William Cowie (born 1 June 1926 in Glasgow, Scotland) is a former Scotland international rugby union player who later became a High Court judge. In his rugby career he played as a No.8.

Rugby union career

Amateur career

Cowie played rugby at Fettes where he played Centre. He attended Clare College, Cambridge after Fettes but his studies were interrupted by WWII.

In Glasgow, Cowie played and captained Kelvinside-West after the 2nd world war.

Kelvinside-West was a short term club merger fix for a post-war player shortage and as numbers increased the constituent clubs of Kelvinside Academicals and West of Scotland once again went their own ways. When that happened Cowie played for West of Scotland.

His legal work took him to Edinburgh and Cowie then played for Edinburgh Wanderers.

Provincial career

Starting off in Glasgow with Kelvinside-West, Cowie first represented Glasgow District and played for them against Edinburgh District in the Inter-City match.
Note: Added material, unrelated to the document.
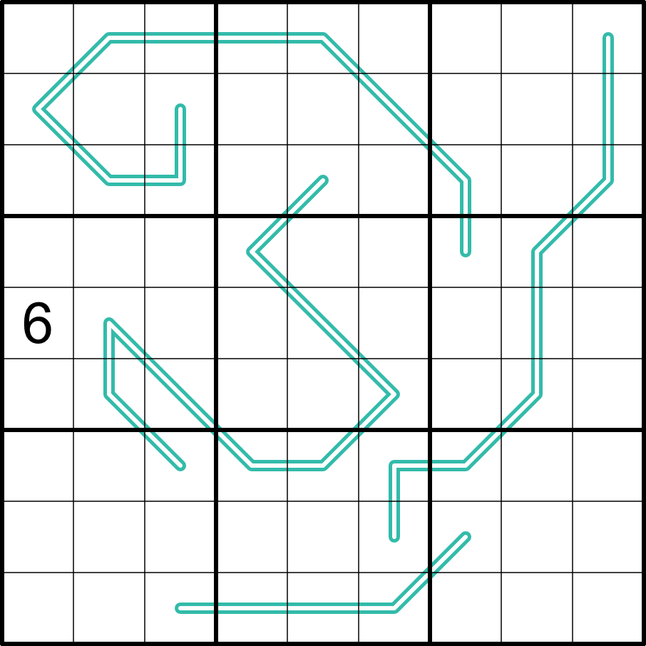• Every line in the grid is a modular line, i.e. any run of three cells must contain three digits with different remainders divided by 3, i.e. one from (1, 4, 7), one from (2, 5, 8), and one from (3, 6, 9)
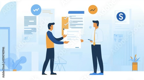 Businessmen discussing financial and strategic planning with charts and documents in modern office setting

Cowie played for Edinburgh District in the Inter-City and the Scottish Inter-District Championship.

He played for Edinburgh in the 1954–55 Scottish Inter-District Championship match against the South.

He is one of the few players of the era to play for both Glasgow District and Edinburgh District.

International career

He was capped for  once in 1953. He played in the Five Nations match against England at Twickenham Stadium on 21 March that year.

Law career

Cowie became a High Court judge.

He joined the Advisory Faculty of Advisers in Edinburgh in 1952, becoming an Advisory Depute in the Crown Office Scotland staying there till 1967. He was made Queen's Counsel in 1967. He reprised his role as Advisory Depute from 1969-77.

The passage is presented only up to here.